Усы и бороду Сахиба Джеляла шевелит улыбка. Нудный этот Ишикоч. И не так-то он прост. И потом для Сахиба Джеляла он не просто Ишикоч — Открой Дверь. Сахиб Джелял знает, что в за­булдыге кроются свойства человека удивительного. Словом, Ишикоч... неплохой человек. Замечательная у него черта — он никогда не унывает, не теряется. Да и зачем? «Сколько ни натягивай ку­цый халат, все одно зад наружу». Бедность — оковы дьявола. А мгновение есть мгновение. Оно может и не повториться.

— Жадному — брань, щедрому — хвала, — неожиданно произносит вслух Сахиб Джелял. — А Ишикоч для меня друг! Больше чем друг — брат. И прошу не ронять слов злобы о нем.

Прежде всего Сахиб Джелял ценил покой для души. Где-то он вычитал в сочинении философа древности о «жизненной энергии, выделяемой великой природой в качестве составного элемента в субстанции каждой человеческой личности» в раз и навсегда от­меренной доле. Свою «жизненную энергию» он ценил и берег. По­тому он был сердит на Ишикоча, хотя перед мысленным взглядом его постоянно стояло светлым видением личико девушки Моники-ой с мольбой о помощи.
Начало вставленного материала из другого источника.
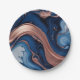 Elegant Fluid Art with Copper and Blue Swirls Paper Plate
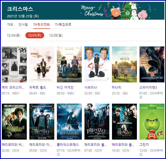 크리스마스 이브인 12월 24일부터 크리스마스 당일인 25일까지 다양한 TV 특선영화가 준비되어 있습니다.
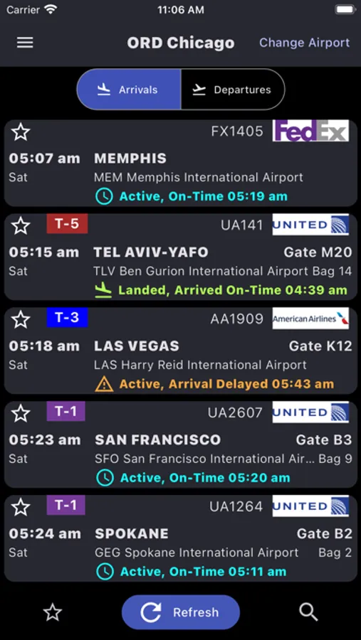 Flight arrivals and departures information for Chicago O'Hare Airport (ORD)

И, вероятнее всего, даже без Ишикоча, Сахиб Джелял оказался бы в Кала-и-Фатту сам, по собственному побуждению, даже не побоявшись растерять частицу своей «суб­станции».

Наконец Сахиб Джелял оторвался от своих мыслей. В михмаихане по-прежнему было спокойно, словно в могиле. Что ж, он сам забрался сюда. Ну и поделом ему, если теперь страх сжимает ему горло и порождает легкий озноб. С муллой Ибадуллой чувст­вуешь себя так, будто сидишь на коврике смерти.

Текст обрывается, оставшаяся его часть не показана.